Required work: Your answer must be the listing repeated word for word, without its pictures.

Source material:
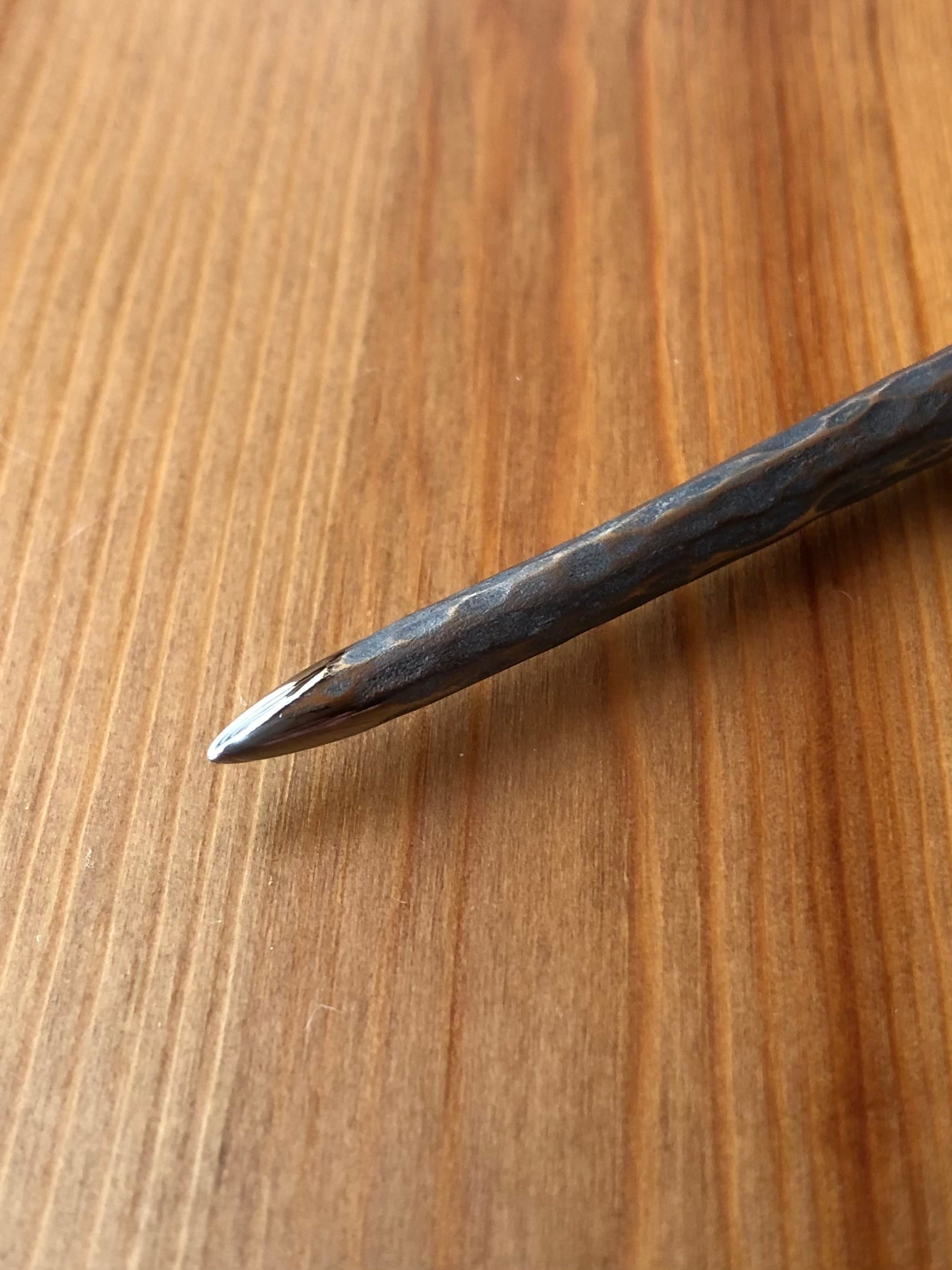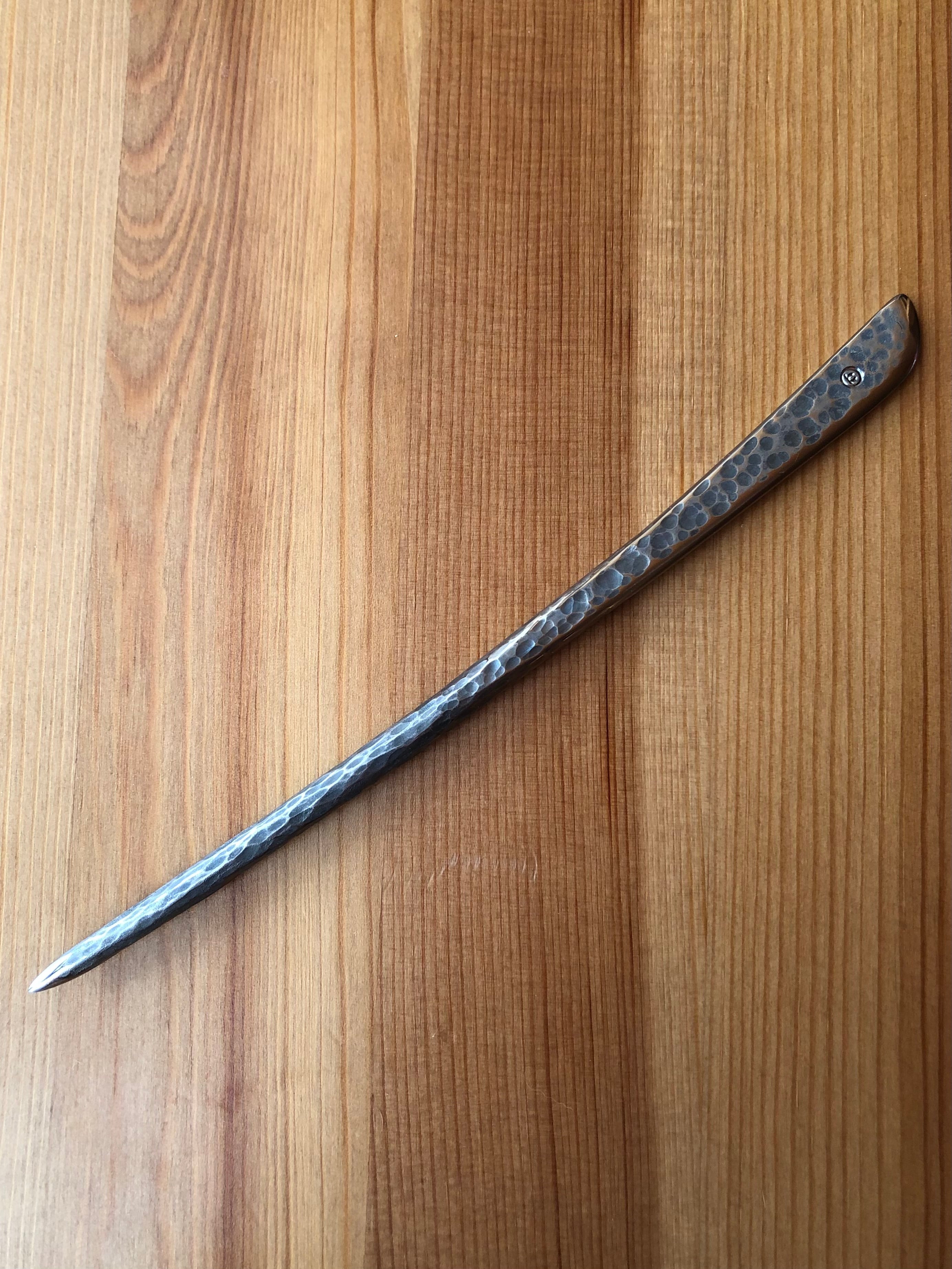チタンを火とハンマーで製作した一本刺しかんざしロング人気の刀の簪をベースに月のクレーターを表現したロングバージョンロングヘアーを綺麗にまとめられるテーパー状の作りで見た目も使いやすさにもごだわった作品。純チタン製なのでとにかく軽く、頑丈で使いやすい作品です。
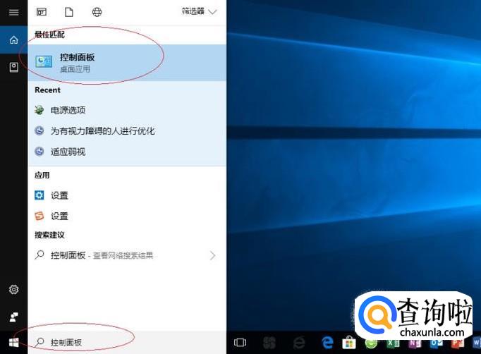 如图所示,搜索框输入"控制面板"。Cortana(小娜)显示搜索结果,点击"最佳匹配→控制面板"项。
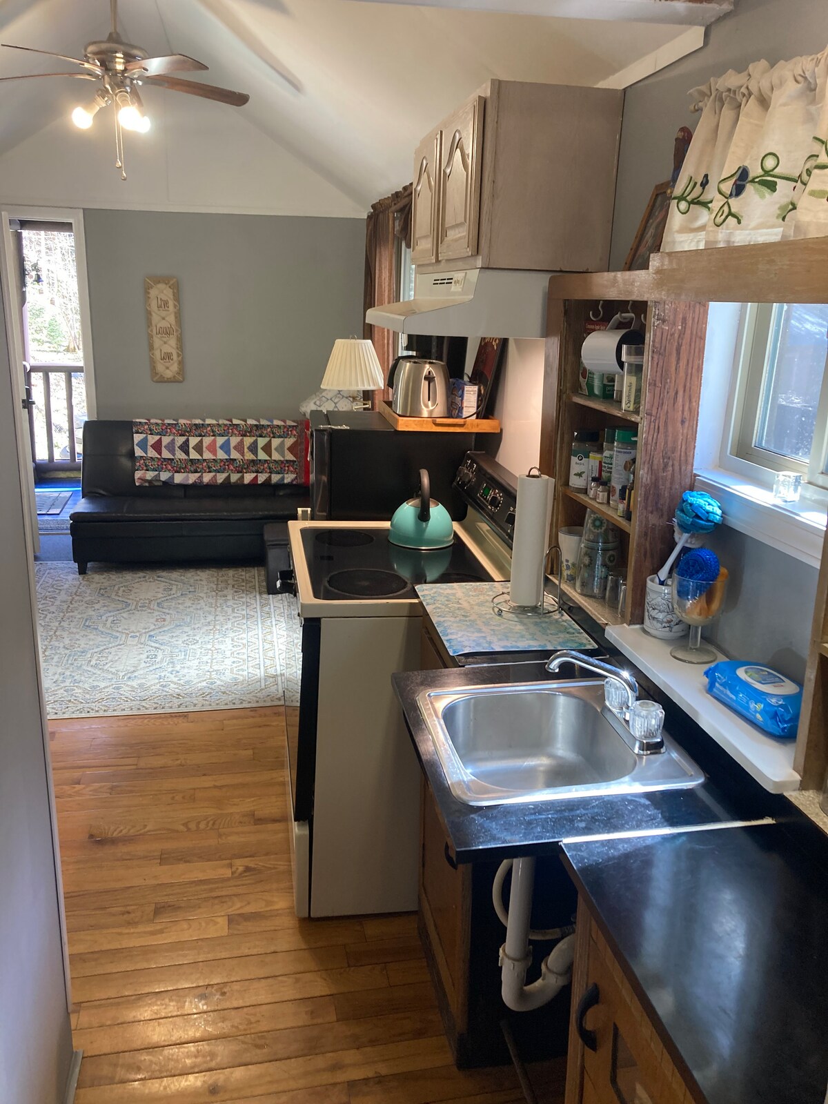 En silencio, escondido bajo un dosel de árboles en las montañas Apalaches, se encuentra uno de los secretos mejor guardados del este de Tennessee, hasta ahora. Ubicado sobre Sams Creek y Oberlin Falls, el Holyfield Hideaway se encuentra en un antiguo sendero indio y de búfalos, que más tarde se convirtió en el antiguo camino de carros que conectaba East Tn. con NC. La cabaña de 630 pies cuadrados está amueblada con cabecero de latón antiguo, cama tamaño king, sofá cama tamaño queen, mesa de comedor con 4 sillas, cocina y baño con ducha, conectando con una terraza de 800 pies cuadrados. Se admiten perros. Límite de 2.
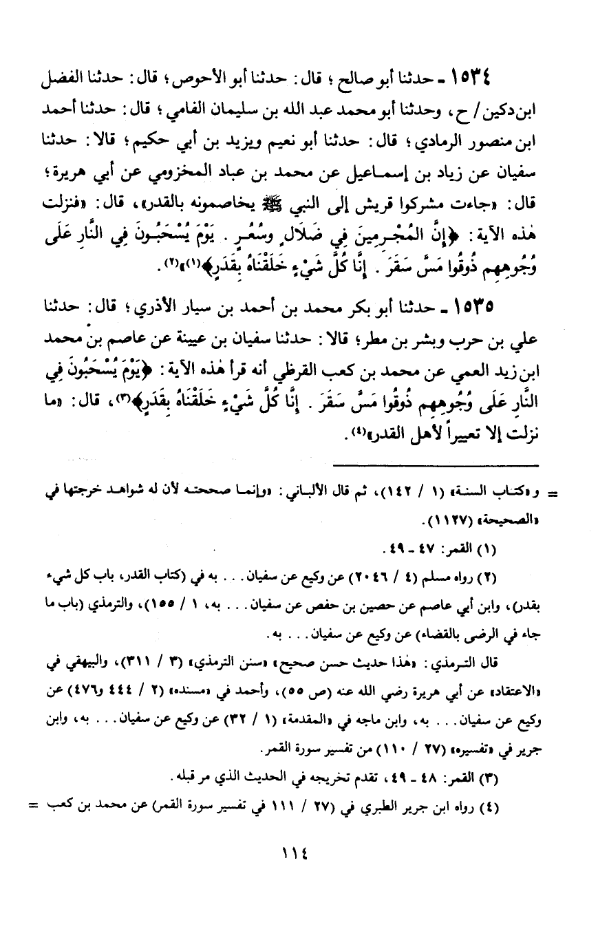1534 - حَدَّثَنَا أَبُو صَالِحٍ، قَالَ: حَدَّثَنَا أَبُو الْأَحْوَصِ، قَالَ: حَدَّثَنَا الْفَضْلُ بْنُ دُكَيْنٍ، ح وَحَدَّثَنَا أَبُو مُحَمَّدٍ عَبْدُ اللَّهِ بْنُ سُلَيْمَانَ الْفَامِيُّ، قَالَ: حَدَّثَنَا أَحْمَدُ بْنُ مَنْصُورٍ الرَّمَادِيُّ، قَالَ: حَدَّثَنَا أَبُو نُعَيْمٍ، وَيَزِيدُ بْنُ أَبِي حَكِيمٍ، قَالَا: حَدَّثَنَا سُفْيَانُ، عَنْ زِيَادِ بْنِ إِسْمَاعِيلَ، عَنْ مُحَمَّدِ بْنِ عَبَّادٍ الْمَخْزُومِيِّ، عَنْ أَبِي هُرَيْرَةَ، قَالَ: جَاءَتْ مُشْرِكُو قُرَيْشٍ إِلَى النَّبِيِّ صَلَّى اللَّهُ عَلَيْهِ وَسَلَّمَ يُخَاصِمُونَهُ بِالْقَدَرِ قَالَ: فَنَزَلَتْ هَذِهِ الْآيَةُ {§إِنَّ الْمُجْرِمِينَ فِي ضَلَالٍ وَسُعُرٍ يَوْمَ يُسْحَبُونَ فِي النَّارِ عَلَى وُجُوهِهِمْ ذُوقُوا مَسَّ سَقَرَ إِنَّا كُلَّ شَيْءٍ خَلَقْنَاهُ بِقَدَرٍ} [القمر: 48]
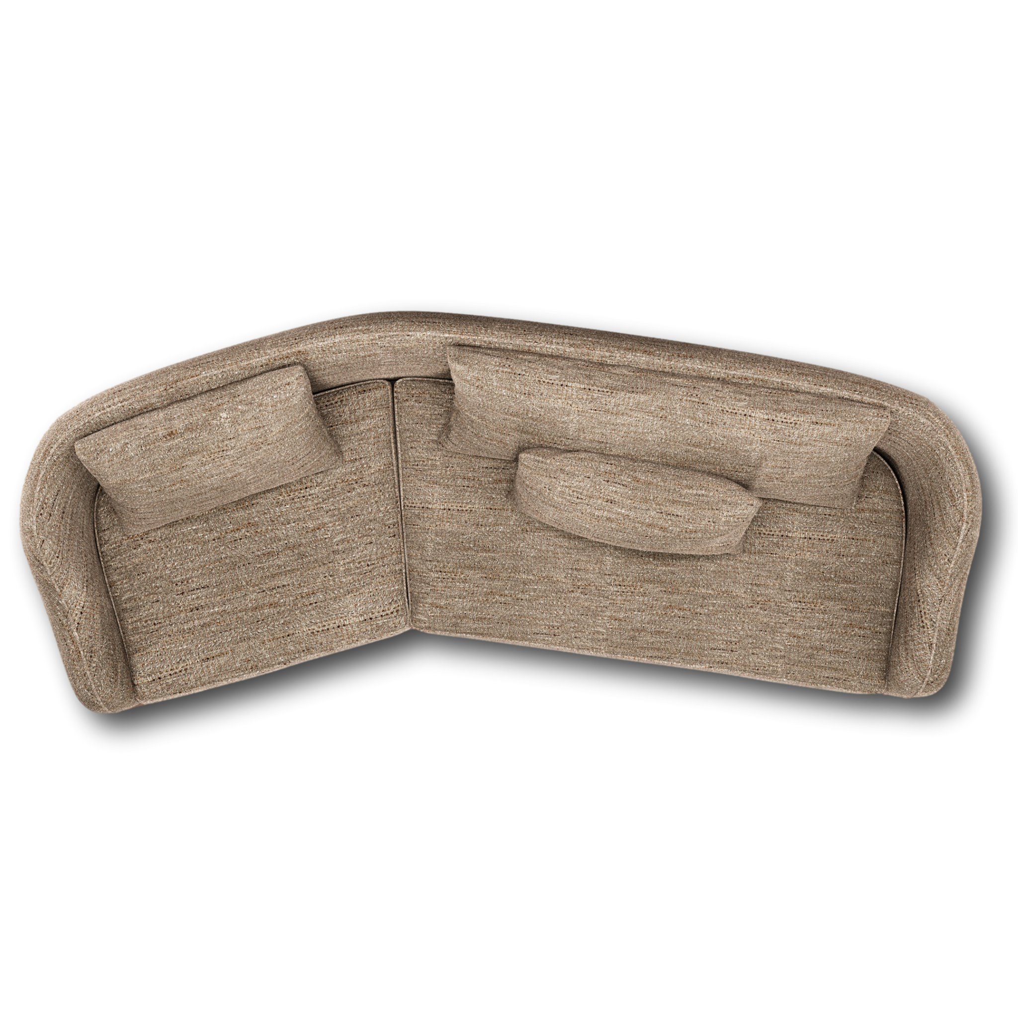 The sofa features an irregular curved shape, creating a sculpted and dynamic silhouette.

Exercise output:
チタンを火とハンマーで製作した一本刺しかんざしロング人気の刀の簪をベースに月のクレーターを表現したロングバージョンロングヘアーを綺麗にまとめられるテーパー状の作りで見た目も使いやすさにもごだわった作品。純チタン製なのでとにかく軽く、頑丈で使いやすい作品です。
 如图所示,搜索框输入"控制面板"。Cortana(小娜)显示搜索结果,点击"最佳匹配→控制面板"项。
 En silencio, escondido bajo un dosel de árboles en las montañas Apalaches, se encuentra uno de los secretos mejor guardados del este de Tennessee, hasta ahora. Ubicado sobre Sams Creek y Oberlin Falls, el Holyfield Hideaway se encuentra en un antiguo sendero indio y de búfalos, que más tarde se convirtió en el antiguo camino de carros que conectaba East Tn. con NC. La cabaña de 630 pies cuadrados está amueblada con cabecero de latón antiguo, cama tamaño king, sofá cama tamaño queen, mesa de comedor con 4 sillas, cocina y baño con ducha, conectando con una terraza de 800 pies cuadrados. Se admiten perros. Límite de 2.
1534 - حَدَّثَنَا أَبُو صَالِحٍ، قَالَ: حَدَّثَنَا أَبُو الْأَحْوَصِ، قَالَ: حَدَّثَنَا الْفَضْلُ بْنُ دُكَيْنٍ، ح وَحَدَّثَنَا أَبُو مُحَمَّدٍ عَبْدُ اللَّهِ بْنُ سُلَيْمَانَ الْفَامِيُّ، قَالَ: حَدَّثَنَا أَحْمَدُ بْنُ مَنْصُورٍ الرَّمَادِيُّ، قَالَ: حَدَّثَنَا أَبُو نُعَيْمٍ، وَيَزِيدُ بْنُ أَبِي حَكِيمٍ، قَالَا: حَدَّثَنَا سُفْيَانُ، عَنْ زِيَادِ بْنِ إِسْمَاعِيلَ، عَنْ مُحَمَّدِ بْنِ عَبَّادٍ الْمَخْزُومِيِّ، عَنْ أَبِي هُرَيْرَةَ، قَالَ: جَاءَتْ مُشْرِكُو قُرَيْشٍ إِلَى النَّبِيِّ صَلَّى اللَّهُ عَلَيْهِ وَسَلَّمَ يُخَاصِمُونَهُ بِالْقَدَرِ قَالَ: فَنَزَلَتْ هَذِهِ الْآيَةُ {§إِنَّ الْمُجْرِمِينَ فِي ضَلَالٍ وَسُعُرٍ يَوْمَ يُسْحَبُونَ فِي النَّارِ عَلَى وُجُوهِهِمْ ذُوقُوا مَسَّ سَقَرَ إِنَّا كُلَّ شَيْءٍ خَلَقْنَاهُ بِقَدَرٍ} [القمر: 48]
 The sofa features an irregular curved shape, creating a sculpted and dynamic silhouette.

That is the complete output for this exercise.